Since the memory-corpus is heavily edited in place (sections added, removed, reordered), pairwise siblings won. The SIOC sioc:has_next_sibling design (Breslin & Decker 2007) informed the choice.

What survives the round trip

Every YAML frontmatter field maps to a :dt/Property on :mm/Memory. Every Markdown section maps to a :mm/Section entity. Every nested section gets a path-derived ident, a parent reference, and sibling pointers reconstructed from position.

What doesn't survive round-trip:

  • Comments in the YAML frontmatter. YAML comments are not part of the canonical subset and are stripped on parse.
  • Whitespace beyond the canonical normalization.
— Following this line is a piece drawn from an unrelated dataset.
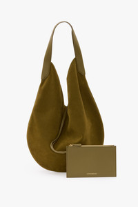 Size & Fit - Height: 45cm - Width: 38cm - Depth: 10cm - Suede fabrication - Unlined - Removable flying pocket - 100% Calf Leather - Product Care: Gently brush off any loose dirt with a soft brush, or wipe the entire surface with a clean, damp cloth. Avoid brushing too hard. Do not apply any leather conditioner or polish, as this may discolour the suede and alter its soft texture. - Made in Italy A crescent-shaped body and slouchy silhouette imbue the Soft Plie Hobo with a tactile sensibility. Crafted from suede leather and presented in an earthy shade of Cactus Green, it has a single shoulder strap and removable flying pocket for added convenience.
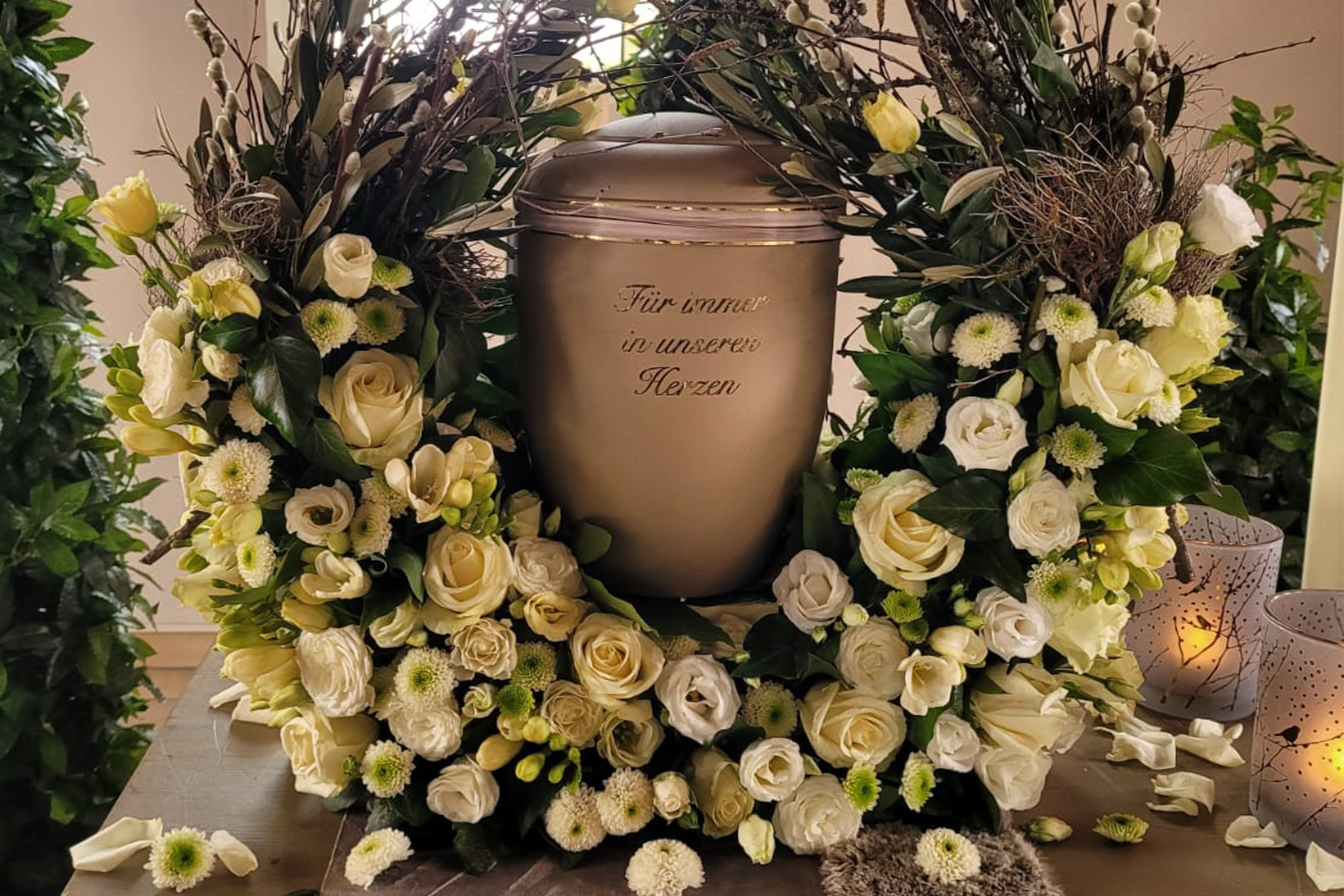 • Urnenschmuck (Kranz, Herz, Halbring oder individuell)

Multiple blank lines between sections collapse to one; trailing whitespace is trimmed.
  • HTML embedded in Markdown. CommonMark allows raw HTML; Sandbar parses it as opaque body content and re-emits it verbatim — but if an HTML element relies on whitespace-sensitive layout, it may not survive normalization unchanged.
  • Editor-specific metadata. Lockfiles, .directory, _drafts/ conventions belong to the filesystem layer, not the markdown content.

These omissions are deliberate — the canonical form is the semantic content, not the keystrokes that produced it.

Addressing scheme

Each section is addressable via two URI schemes:

mcp://sandbar/mm/Memory/<rel-path>#<section-path>
file:///<absolute-path>#<section-path>

The mcp:// URI is the database-side address. The file:// URI is the filesystem-side address. Both resolve to the same :mm/Section entity through dt/lookup.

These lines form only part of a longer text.